** ENTRIES SHOWN follows **

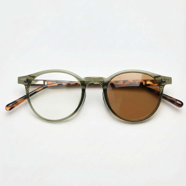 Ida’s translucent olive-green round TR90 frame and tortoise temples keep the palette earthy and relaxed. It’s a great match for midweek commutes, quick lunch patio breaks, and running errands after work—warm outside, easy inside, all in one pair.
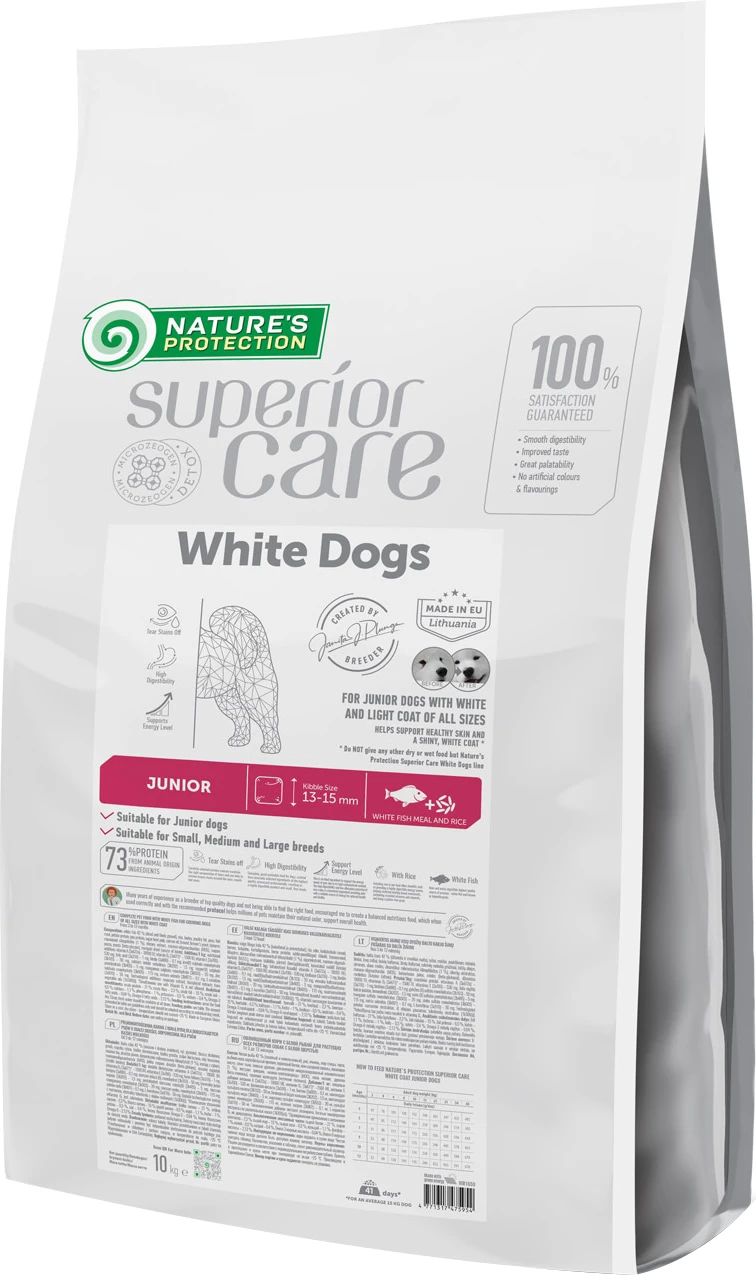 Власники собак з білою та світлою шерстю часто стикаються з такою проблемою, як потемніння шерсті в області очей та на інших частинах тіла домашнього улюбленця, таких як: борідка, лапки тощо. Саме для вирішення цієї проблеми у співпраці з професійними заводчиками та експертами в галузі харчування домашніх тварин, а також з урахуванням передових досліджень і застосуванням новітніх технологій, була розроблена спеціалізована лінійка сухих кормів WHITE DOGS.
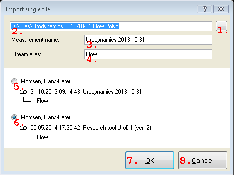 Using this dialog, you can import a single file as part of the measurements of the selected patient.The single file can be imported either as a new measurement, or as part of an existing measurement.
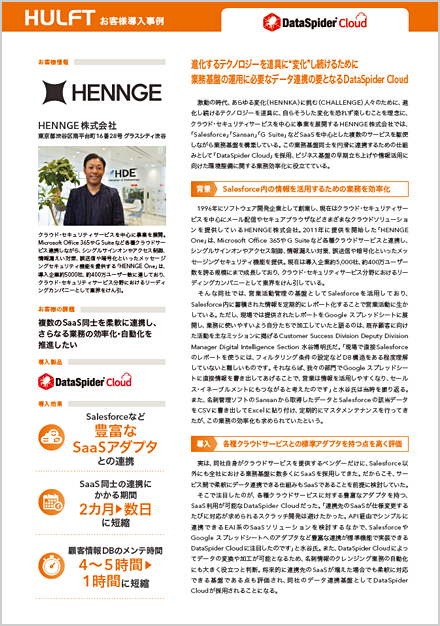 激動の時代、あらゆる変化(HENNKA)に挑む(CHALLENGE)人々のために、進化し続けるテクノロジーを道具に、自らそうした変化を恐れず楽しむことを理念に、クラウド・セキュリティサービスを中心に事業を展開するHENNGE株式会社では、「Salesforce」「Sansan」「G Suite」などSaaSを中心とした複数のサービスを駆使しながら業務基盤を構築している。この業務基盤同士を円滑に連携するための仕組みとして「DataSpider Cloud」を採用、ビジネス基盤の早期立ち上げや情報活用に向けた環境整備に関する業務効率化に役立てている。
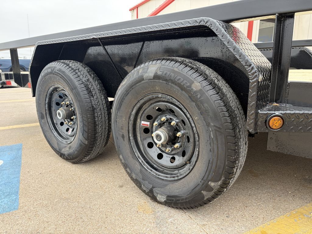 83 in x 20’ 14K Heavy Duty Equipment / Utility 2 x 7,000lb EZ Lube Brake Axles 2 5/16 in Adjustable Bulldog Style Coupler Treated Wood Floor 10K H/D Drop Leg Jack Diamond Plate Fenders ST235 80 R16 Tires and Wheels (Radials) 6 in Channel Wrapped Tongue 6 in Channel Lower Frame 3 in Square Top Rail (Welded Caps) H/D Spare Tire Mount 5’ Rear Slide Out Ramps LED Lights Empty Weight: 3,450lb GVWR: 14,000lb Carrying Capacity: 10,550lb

** End of ENTRIES SHOWN **
** ENTRIES SHOWN follows **

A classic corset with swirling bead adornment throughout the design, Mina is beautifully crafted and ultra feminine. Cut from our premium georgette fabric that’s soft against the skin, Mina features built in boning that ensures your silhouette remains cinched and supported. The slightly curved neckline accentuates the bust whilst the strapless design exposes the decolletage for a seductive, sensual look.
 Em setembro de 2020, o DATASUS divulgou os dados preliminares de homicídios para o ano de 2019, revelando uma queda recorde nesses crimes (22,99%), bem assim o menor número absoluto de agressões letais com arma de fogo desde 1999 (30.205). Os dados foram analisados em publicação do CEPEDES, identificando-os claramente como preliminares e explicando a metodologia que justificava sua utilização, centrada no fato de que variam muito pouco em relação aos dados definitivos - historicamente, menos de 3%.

** End of ENTRIES SHOWN **

### TASK BRIEF
Extract the part of the records that opens with the line containing "Ida’s translucent olive-green" and closes with the line containing "Власники собак з". Take only those lines, exactly, and no pictures.

### SOLUTION TO THE PROBLEM
 Ida’s translucent olive-green round TR90 frame and tortoise temples keep the palette earthy and relaxed. It’s a great match for midweek commutes, quick lunch patio breaks, and running errands after work—warm outside, easy inside, all in one pair.
 Власники собак з білою та світлою шерстю часто стикаються з такою проблемою, як потемніння шерсті в області очей та на інших частинах тіла домашнього улюбленця, таких як: борідка, лапки тощо. Саме для вирішення цієї проблеми у співпраці з професійними заводчиками та експертами в галузі харчування домашніх тварин, а також з урахуванням передових досліджень і застосуванням новітніх технологій, була розроблена спеціалізована лінійка сухих кормів WHITE DOGS.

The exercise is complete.